On Fri, Nov 12, 2021, Borislav Petkov wrote:
> On Fri, Nov 12, 2021 at 09:59:46AM -0800, Dave Hansen wrote:
> > Or, is there some mechanism that prevent guest-private memory from being
> > accessed in random host kernel code?

Or random host userspace code...

> So I'm currently under the impression that random host->guest accesses
> should not happen if not previously agreed upon by both.

Key word "should".

> Because, as explained on IRC, if host touches a private guest page,
> whatever the host does to that page, the next time the guest runs, it'll
> get a #VC where it will see that that page doesn't belong to it anymore
> and then, out of paranoia, it will simply terminate to protect itself.
> 
> So cloud providers should have an interest to prevent such random stray
> accesses if they wanna have guests. :)

Yes, but IMO inducing a fault in the guest because of _host_ bug is wrong.

On Fri, Nov 12, 2021, Peter Gonda wrote:
> Here is an alternative to the current approach: On RMP violation (host
> or userspace) the page fault handler converts the page from private to
> shared to allow the write to continue. This pulls from s390’s error
> handling which does exactly this. See ‘arch_make_page_accessible()’.

Ah, after further reading, s390 does _not_ do implicit private=>shared conversions.

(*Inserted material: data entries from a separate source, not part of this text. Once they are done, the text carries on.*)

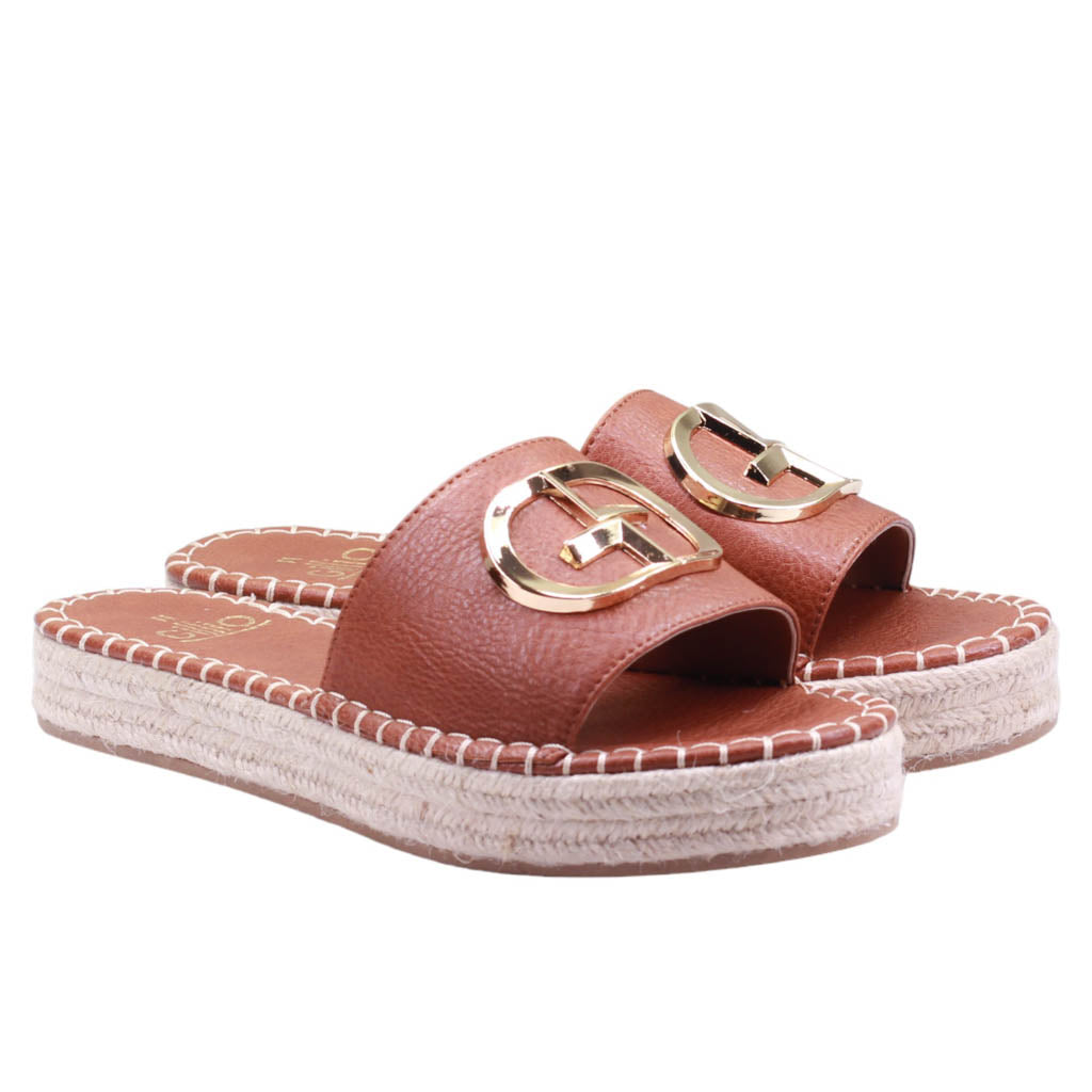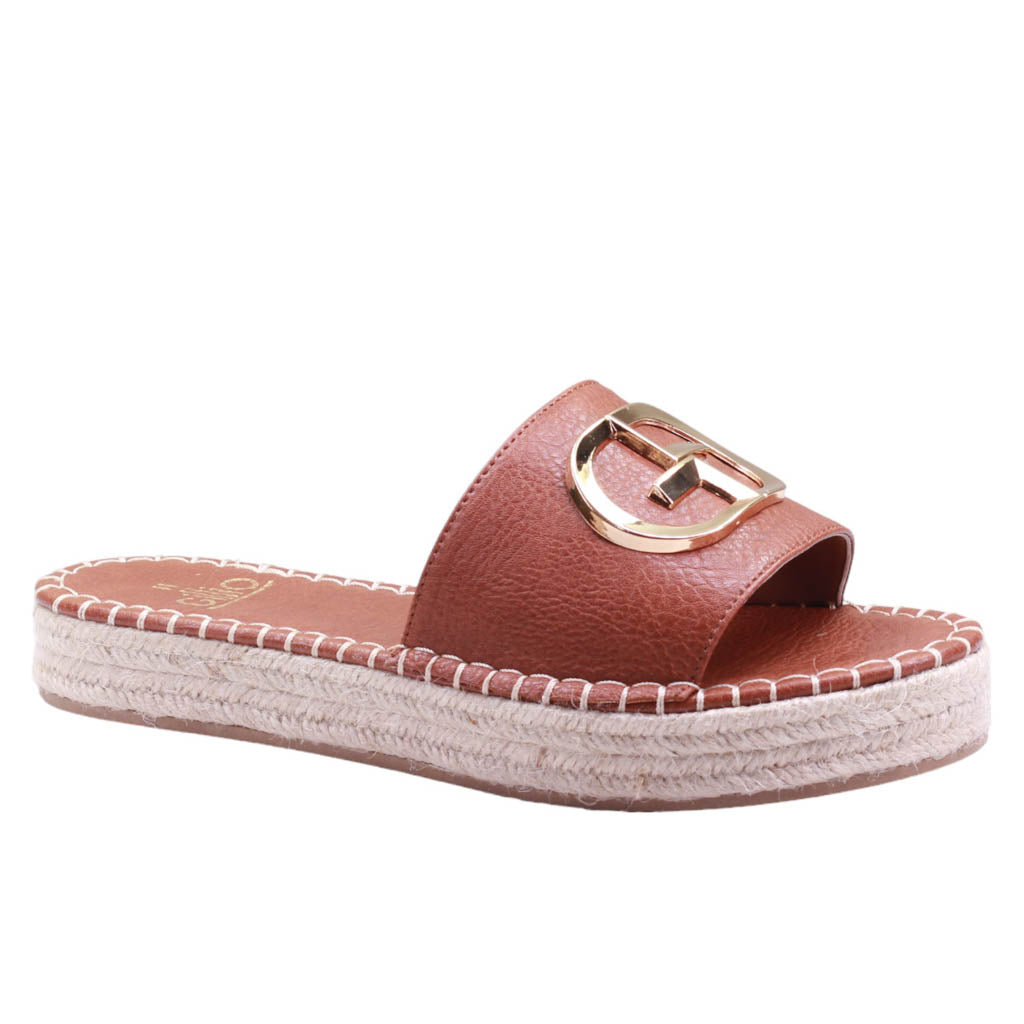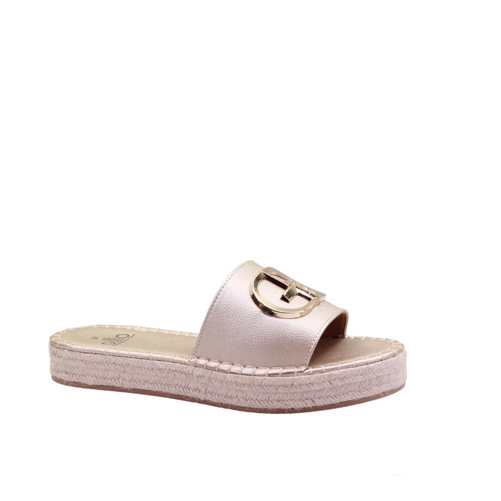 Sandalia de plataforma corrida para dama con tejido y adorno en el corte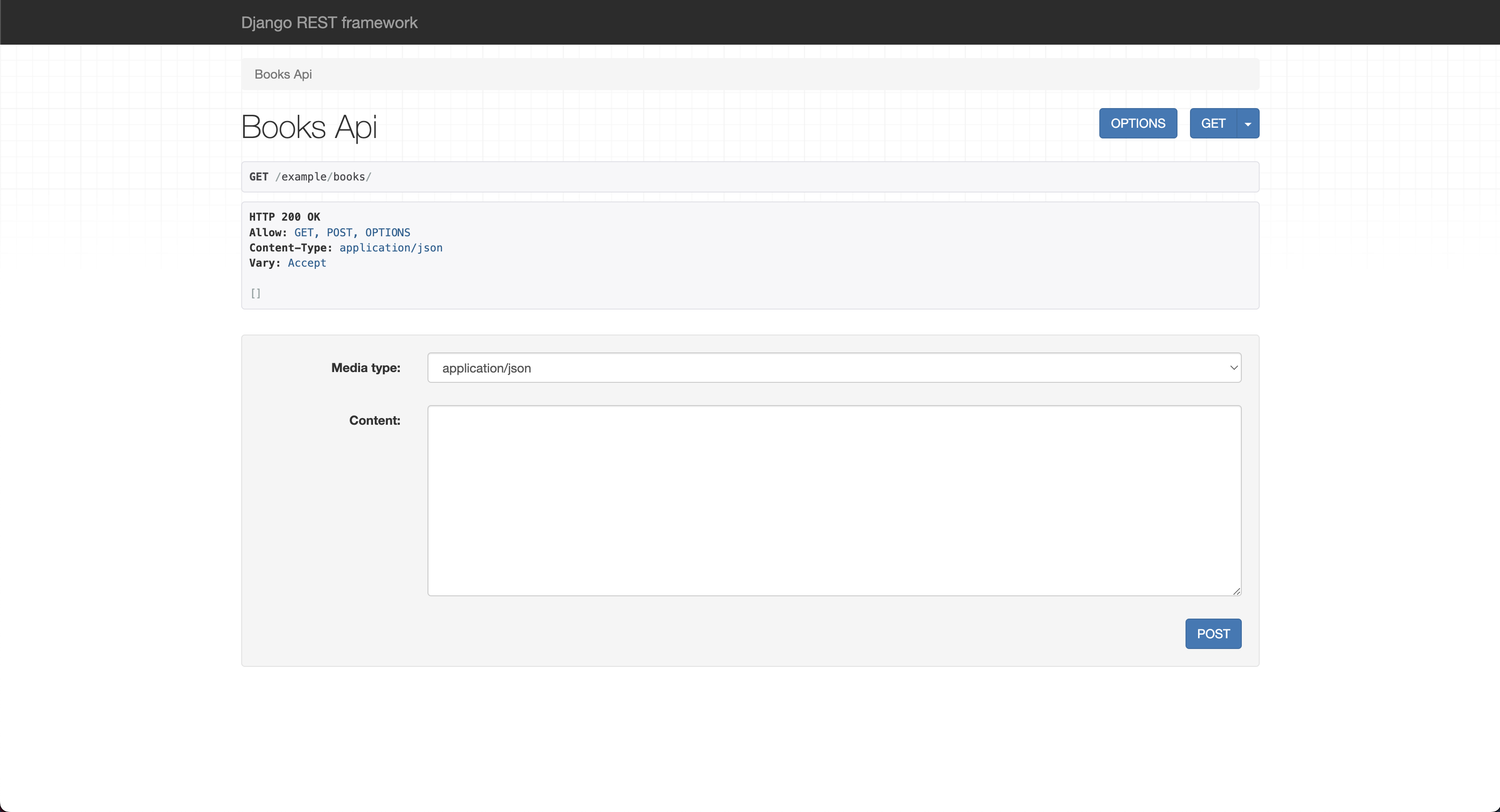 .../example/books/로 접속하면 다음과 같은 화면이 나온다.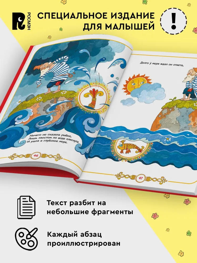 А эта книжка совершенно особенная. В ней текст разделен на небольшие логические части, проиллюстрированные яркими, детальными картинками. Разглядывая книгу и слушая классические строки, малыши смогут увидеть и лучше понять все, что происходит в сказке, так что даже самые озорные непоседы не заскучают!

s390's arch_make_page_accessible() is somewhat similar, but it is not a direct
comparison.  IIUC, it exports and integrity protects the data and thus preserves
the guest's data in an encrypted form, e.g. so that it can be swapped to disk.
And if the host corrupts the data, attempting to convert it back to secure on a
subsequent guest access will fail.

The host kernel's handling of the "convert to secure" failures doesn't appear to
be all that robust, e.g. it looks like there are multiple paths where the error
is dropped on the floor and the guest is resumed , but IMO soft hanging the guest 
is still better than inducing a fault in the guest, and far better than potentially
coercing the guest into reading corrupted memory ("spurious" PVALIDATE).  And s390's
behavior is fixable since it's purely a host error handling problem.

To truly make a page shared, s390 requires the guest to call into the ultravisor
to make a page shared.  And on the host side, the host can pin a page as shared
to prevent the guest from unsharing it while the host is accessing it as a shared
page.

So, inducing #VC is similar in the sense that a malicious s390 can also DoS itself,
but is quite different in that (AFAICT) s390 does not create an attack surface where
a malicious or buggy host userspace can induce faults in the guest, or worst case in
SNP, exploit a buggy guest into accepting and accessing corrupted data.

It's also different in that s390 doesn't implicitly convert between shared and
private.  Functionally, it doesn't really change the end result because a buggy
host that writes guest private memory will DoS the guest (by inducing a #VC or
corrupting exported data), but at least for s390 there's a sane, legitimate use
case for accessing guest private memory (swap and maybe migration?), whereas for
SNP, IMO implicitly converting to shared on a host access is straight up wrong.

> Additionally it adds less complexity to the SNP kernel patches, and
> requires no new ABI.

I disagree, this would require "new" ABI in the sense that it commits KVM to
supporting SNP without requiring userspace to initiate any and all conversions
between shared and private.  Which in my mind is the big elephant in the room:
do we want to require new KVM (and kernel?) ABI to allow/force userspace to
explicitly declare guest private memory for TDX _and_ SNP, or just TDX?